Çalışma saatleri - Yılmazlar Hukuk Bürosu
Yılmazlar Hukuk Bürosu /blog/calisma-saatleri

Giriş



Çalışma saatleri, iş hukukunun temel konularından biridir ve işçi ile işveren arasındaki ilişkinin düzenlenmesinde kritik bir rol oynar. Türk mevzuatında çalışma saatleri, 4857 sayılı İş Kanunu başta olmak üzere, ilgili yönetmelikler ve diğer yasal düzenlemelerle belirlenmiştir. Bu makalede, çalışma saatlerine ilişkin hukuki çerçeve, Yargıtay kararları ve uygulamada karşılaşılan sorunlar ele alınacak, güncel mevzuat ışığında değerlendirmeler yapılacaktır.
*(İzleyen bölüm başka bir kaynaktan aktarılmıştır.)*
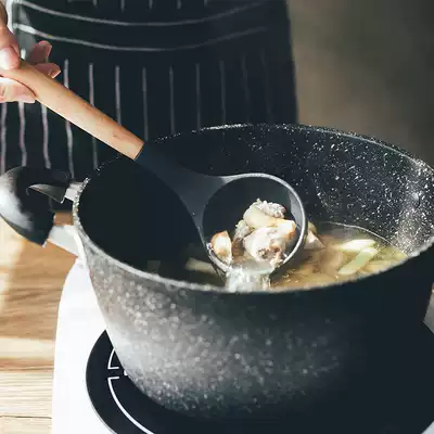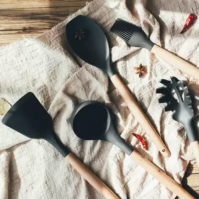 Nordic style household wooden handle frying shovel soup spoon Japanese non-stick pot special high temperature resistant silicone shovel spoon set
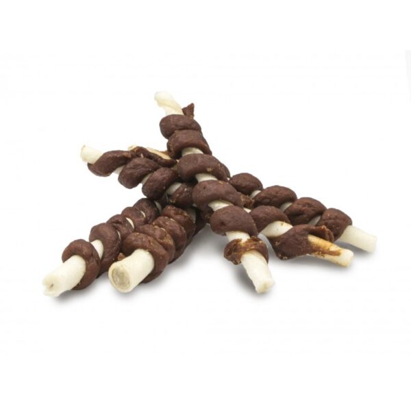 Sudėtis: ėriena (48%), jaučių žaliaminė oda (45%), krakmolas, augaliniai proteinai. Analitinės sudedamosios dalys: žali baltymai 60%, žali riebalai 2,5%, žalia ląsteliena 3%, žali pelenai 3%, drėgnis 18%.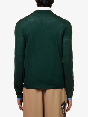 Merino Wool Crew Neck Jumper, Navy Teal Mouline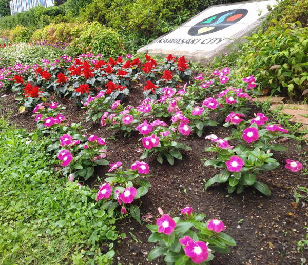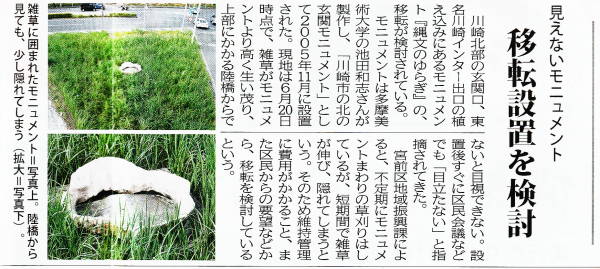 タウンニュース紙の宮前区版に6月13日に実施した東名川崎インター前の花植の模様が記事になりました。今日(6月26日付け)の記事には、東名川崎インター料金所と、東名花壇が面する市道尻手黒川線に挟まれた三角地に設置された「縄文のゆらぎ」のモニュメントが記事になりました。モニュメントの説明文は東名インター前花壇のボードに記述されています。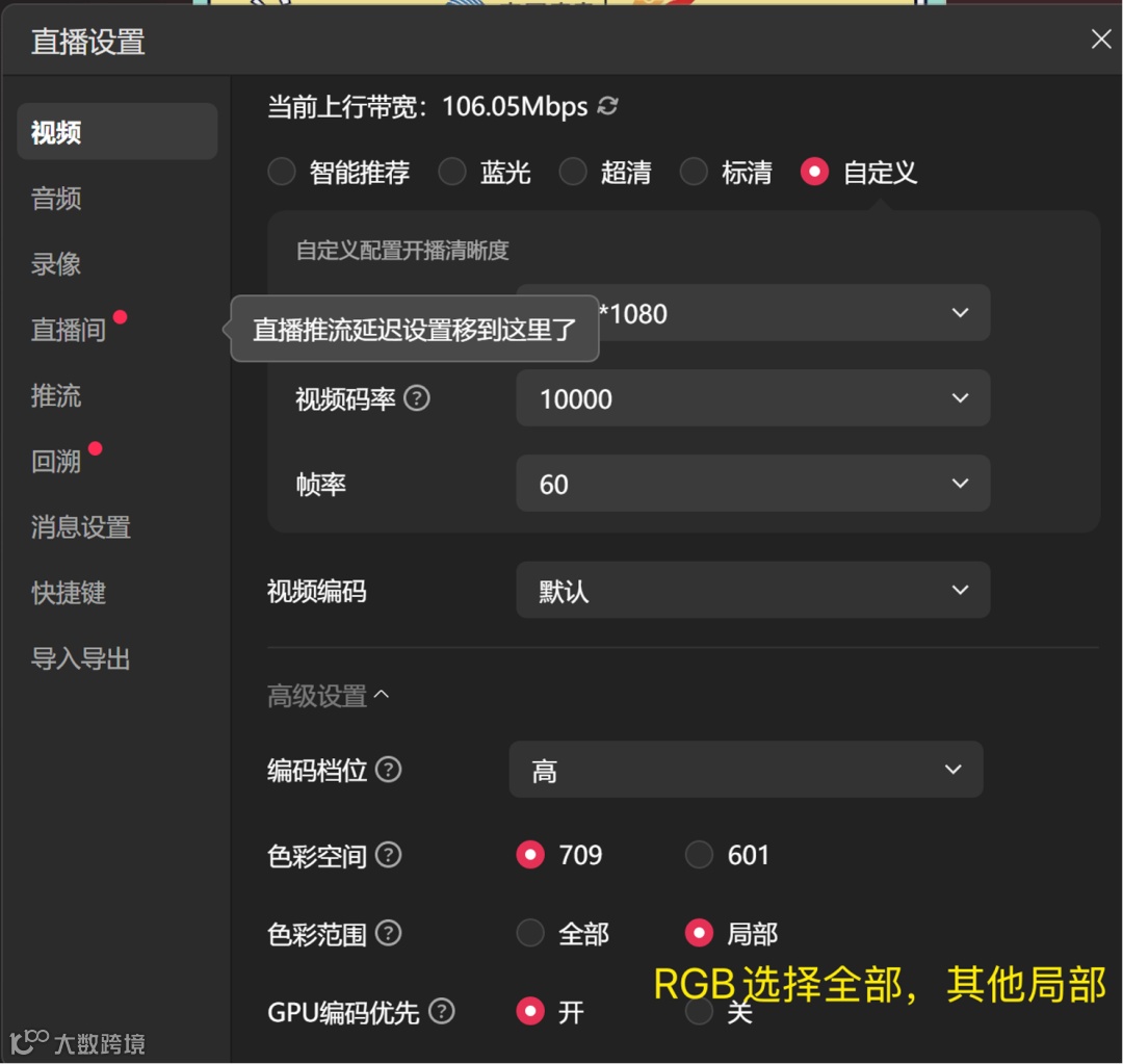 视频格式色彩范围不懂的可以先跳过,那个是为了让直播更佳清洗有质感

1. Çalışma Saatlerinin Hukuki Çerçevesi



4857 sayılı İş Kanunu'nun 63. maddesi, haftalık normal çalışma süresini en çok 45 saat olarak belirlemiştir. Bu süre, işyerlerinde farklı şekillerde uygulanabilir. İş sözleşmesi veya toplu iş sözleşmesi ile haftalık çalışma süresi 45 saatin altında belirlenebilir (İşK m. 63/1). Aynı Kanunun 41. maddesi fazla çalışmayı, 68. maddesi ise ara dinlenmesini düzenlemektedir. Ayrıca, 854 sayılı Deniz İş Kanunu ve 5953 sayılı Basın İş Kanunu gibi özel kanunlarda da farklı çalışma süreleri düzenlemeleri bulunmaktadır. Bu kanunlar, ilgili sektörlerin özelliklerine göre çalışma koşullarını belirlemektedir. Örneğin, Deniz İş Kanunu'nda gemi adamlarının çalışma süreleri, Basın İş Kanunu'nda ise gazetecilerin çalışma süreleri özel olarak düzenlenmiştir.
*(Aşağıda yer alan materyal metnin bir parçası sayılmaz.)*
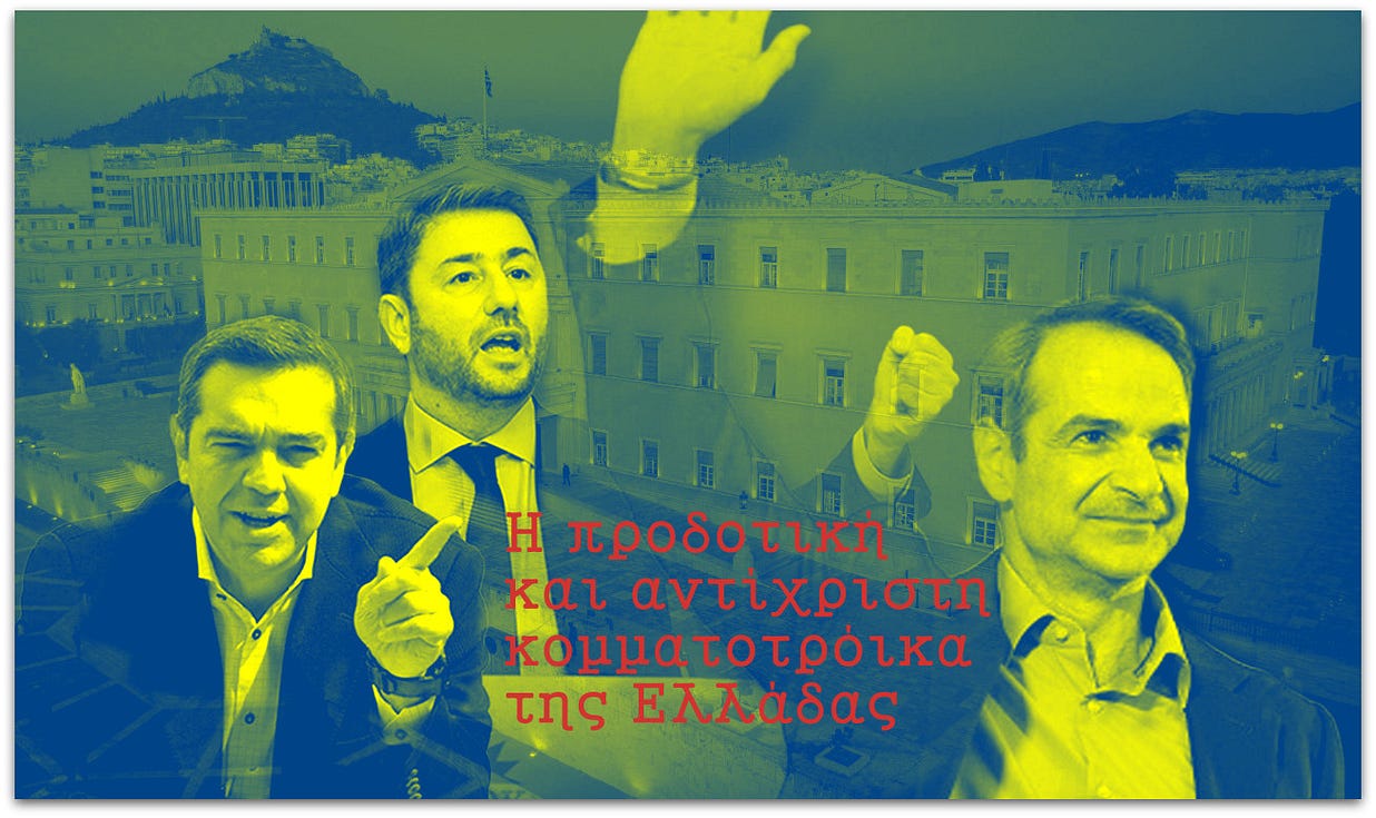 Τον νεοταξίτικο κοινό παρονομαστή ρητορικής των κομμάτων που διεκδικούν είσοδο στην Βουλή, ο οποίος τροφοδοτείται από μια υπερεθνική ατζέντα με θέσεις π.χ. υπέρ της αποτελεσματικότητας και ασφάλειας των πειραματικών εμβολιασμών (προσοχή: είναι αδιάφορο αν αποδοκιμάζεται η υποχρεωτικότητα), υπέρ του ψηφιακού κράτους και της κατάργησης των μετρητών, υπέρ της τεχνητής νοημοσύνης, υπέρ της δήθεν ανθρωπογενούς κλιματικής αλλαγής, υπέρ του γάμου των ομοφυλοφίλων και της αναγνώρισης του τρίτου-ουδέτερου φύλου, υπέρ του φανατικού φεμινισμού, υπέρ της ανάγκης ένωσης των εκκλησιών, ώστε μέχρι το 2025 να επιβληθεί η παγκόσμια θρησκεία, υπέρ της ακώλυτης εισροής μεταναστών στο εσωτερικό των χωρών, υπέρ της ζωοποίησης των ανθρώπων και του εξανθρωπισμού των ζώων κ.λπ.
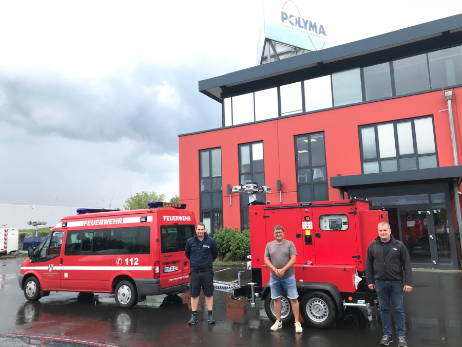 Der mobile Stromerzeuger von der Firma Polyma Energiesysteme GmbH dient zur Notstromversorung von systemrelevanten Gebäuden. Für die Einspeisung besitzt das Aggregat eine Netzumschaltung für IT-System (Inselbetrieb) und TN-System (Einspeisbetrieb). Zur Beleuchtung kann ein integrierter Lichtmast pneumatisch ausgefahren werden. Mit einer Fernbedienung kann das elektrisch verstellbare Lichtkreuz bestehend aus 4 LED-Flutlicht-Scheinwerfern zur kompletten Umfeldbeleuchtung genutzt werden.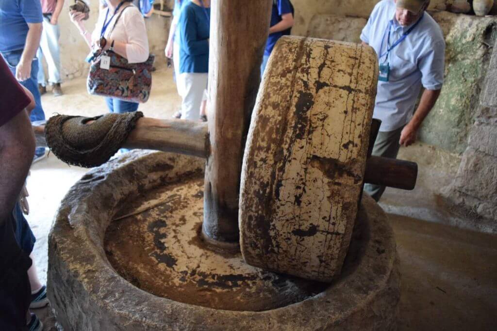 Our next stop was a drive up into Nazareth https://www.bibleplaces.com/nazareth/ to the Nazareth Village. Here we had an incredible first century lunch of chicken, lentil soup, cabbage salad, a bread similar to na'an or pita, olives, hummus, apples and fig honey. We explored the replica village complete with shepherds in costume, a donkey, sheep, and an olive press. Much of the food is grown right there on the property. While not everyone liked every part of the meal, I think most were happy that it was something besides falafel. (I believe falafel is an option again tomorrow.)

2. Fazla Çalışma ve Denkleştirme



Fazla çalışma, İş Kanunu'nda belirtilen haftalık 45 saatlik normal çalışma süresini aşan çalışmaları ifade eder (İş Kanunu m. 41). 4857 sayılı İş Kanunu’nun 41/1 maddesine göre fazla çalışma yapılabilmesi için işçinin onayının alınması gerekmektedir. Bu onay, her yıl başında alınabileceği gibi, iş sözleşmesine hüküm konularak da alınabilir. Yargıtay, iş sözleşmesinde yer alan fazla çalışma onayının geçerliliğini, işçinin menfaatine aykırı olmaması ve iradesinin serbestçe açıklanması şartıyla kabul etmektedir. İş Kanunu'nun 41. maddesi, fazla çalışmanın koşullarını ve ücretlendirmesini düzenler. Fazla çalışma ücreti, normal çalışma ücretinin saat başına düşen miktarının yüzde elli (%50) fazlasıdır (İş Kanunu m. 41/2). Denkleştirme ise, İş Kanunu'nun 63. maddesi uyarınca, çalışma sürelerinin belirli bir dönem içinde dengelenmesini sağlayan bir uygulamadır. Bu uygulamada, bazı haftalarda normalden daha az, bazı haftalarda ise daha fazla çalışılarak ortalama haftalık çalışma süresi 45 saat olarak korunur. İş Kanunu’nun 63/5 maddesi uyarınca denkleştirme süresi iki ay olup, toplu iş sözleşmesi ile dört aya kadar artırılabilir. Yargıtay, denkleştirme uygulamasının belirli koşullara tabi olduğunu ve bu koşulların sağlanmaması halinde fazla çalışma ücreti ödenmesi gerektiğini belirtmektedir. Örneğin, Yargıtay 9. Hukuk Dairesi'nin 15.02.2021 tarihli, 2017/1125 E. , 2021/3563 K. sayılı kararında, denkleştirme uygulamasının usulüne uygun olarak yapılması gerektiği vurgulanmıştır. Denkleştirme uygulamasının geçerli olabilmesi için, işçinin önceden bilgilendirilmesi ve uygulamanın belirli bir plan dahilinde yapılması gerekmektedir. Ayrıca, denkleştirme döneminin başlangıcı ve bitişi açıkça belirlenmelidir (Yargıtay 9. HD, E. 2016/13468, K. 2019/15048, T. 26.06.2019).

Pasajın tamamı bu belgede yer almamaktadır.